3.2. Orthogonal Projections to Latent Structures-Discrimination Analysis (OPLS-DA)

The OPLS-DA model was used to analyze the data and further explore the differences between adjacent developmental stages. The samples from two adjacent developmental stages were located in different quadrants on the left and right sides of the Y-axis (Figure 2). In the positive mode, except for the RLE vs. LO group, model evaluation parameters (R2X, R2Y) and prediction ability (Q2) were all greater than 0.5 (Figure 2a1–f1). In the negative mode, R2X, R2Y, and Q2 were all greater than 0.35 (Figure 2a2–f2). This indicated that the OPLS-DA model was stable and highly reliable for the dataset and could be used to describe the differences between different developmental stages of L. radiata. The permutation test was used to further verify the reliability of the OPLS-DA model. All Q2 points from left to right are lower than the original Q2 points on the rightmost side, indicating that the model is robust and reliable without overfitting (Figure S1).
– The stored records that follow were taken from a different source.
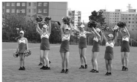
↑ Roztleskávačky. Prostě pěkné.
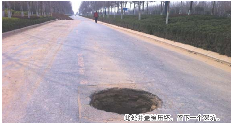
此处井盖被压坏,留下一个深坑。

随后记者拨打市政热线,工作人员表示,会将情况及时反馈给相关部门,安排工作人员前往进行调查,尽快将道路雨水井盖修好。
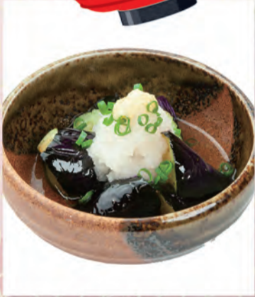
揚げなすおろしポン酢 273円 123kcal/塩分0.9g (税込300円)
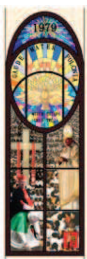
Rys. 5. Jedno z okien zaprojektowanej kaplicy – widok od strony wewnętrznej (rys. autor)

w Uchaniach. Rozpowszechnienie centralno-kopułowych kaplic grobowych na terenie Rzeczypospolitej postępowało stopniowo i wiązało się z wykształceniem ich nowych typów. Przekształcano, parafrazowano i redukowano wzorcowe założenia kaplicy Zygmuntońskiej, tworząc obiekty o nowym wzorze dekoracji i wyposażeniu, dostosowane do miejscowej tradycji, warsztatu twórcy czy oddziaływania rozmaitych kierunków sztuki.

3.3. Differentially Accumulated Metabolites (DAMs) Analysis

Based on the OPLS-DA model, DAMs between two adjacent developmental stages of L. radiata were identified with a VIP score ≥ 1 and a t-test p-value < 0.05. In the positive ion mode, 195 DAMs were identified, comprising 101 over-accumulated and 94 down-accumulated metabolites. Conversely, in the negative ion mode, 315 DAMs were identified, including 146 over-accumulated and 169 down-accumulated metabolites (Figure 3, Table S1). In the positive ion mode, the comparison group with the highest number of DAMs was LMa vs. RLE (41), followed by LWi vs. LMa (39), with the lowest being Flo vs. Dor (24) (Figure 3a). The most over-accumulated DAMs were observed in the LO vs. Flo comparison group (24), with LWi vs. LMa (21) following. The fewest over-accumulated DAMs occurred in the RLE vs. LO comparison (only 7). For down-accumulated DAMs, LMa vs. RLE had the most (23), followed by RLE vs. LO (21), with the fewest in LO vs. Flo (7). In the negative ion mode, the highest number of DAMs was identified in the RLE vs. LO (68) and LMa vs. RLE (68) comparison groups, with the fewest in the Flo vs. Dor group (36) (Figure 3b). The most over-accumulated metabolites were found in LO vs. Flo (36), followed by LMa vs. RLE (34), and the fewest over-accumulated metabolites were in the Dor vs. LWi comparison (10). Regarding down-accumulated DAMs, RLE vs. LO showed the most (47), followed by LMa vs. RLE (34), and the fewest were in LO vs. Flo (10).
We further analyzed the proportion of DAMs within each subclass relative to the total DAMs in each comparison group. Figure 4a reveals that the majority of DAMs across all six comparison groups belonged to the subclasses “carbohydrates and carbohydrate conjugates” and “amino acids, peptides, and analogs”. Additionally, the proportion of DAMs categorized as “fatty acids and conjugates”, “pyridine carboxaldehydes”, “pyrimidine nucleotide sugars”, “quaternary ammonium salts”, and “tricarboxylic acids and derivatives” in the Flo vs. Dor comparison was higher than in other groups. The DAMs in the subclasses “beta hydroxy acids and derivatives”, “linoleic acids and derivatives”, and “pyrimidines and pyrimidine derivatives” were more prevalent in the LO vs. Flo comparison compared to others (Figure 4a). A radar chart analysis (Figure 4b) showed that the number of over-accumulated DAMs in the “carbohydrates and carbohydrate conjugates” subclass was notably higher in the LMa vs. RLE and RLE vs. LO comparisons than in the other four groups.
Additionally, the number of down-accumulated DAMs was highest in the LWi vs. LMa comparison. Meanwhile, the “amino acids, peptides, and analogs” subclass exhibited the most over-accumulated DAMs in LWi vs. LMa, followed by the LO vs. Flo and Flo vs. Dor comparisons. This subclass also exhibited the most down-accumulated DAMs in LMa vs. RLE and RLE vs. LO comparisons (Figure 4c).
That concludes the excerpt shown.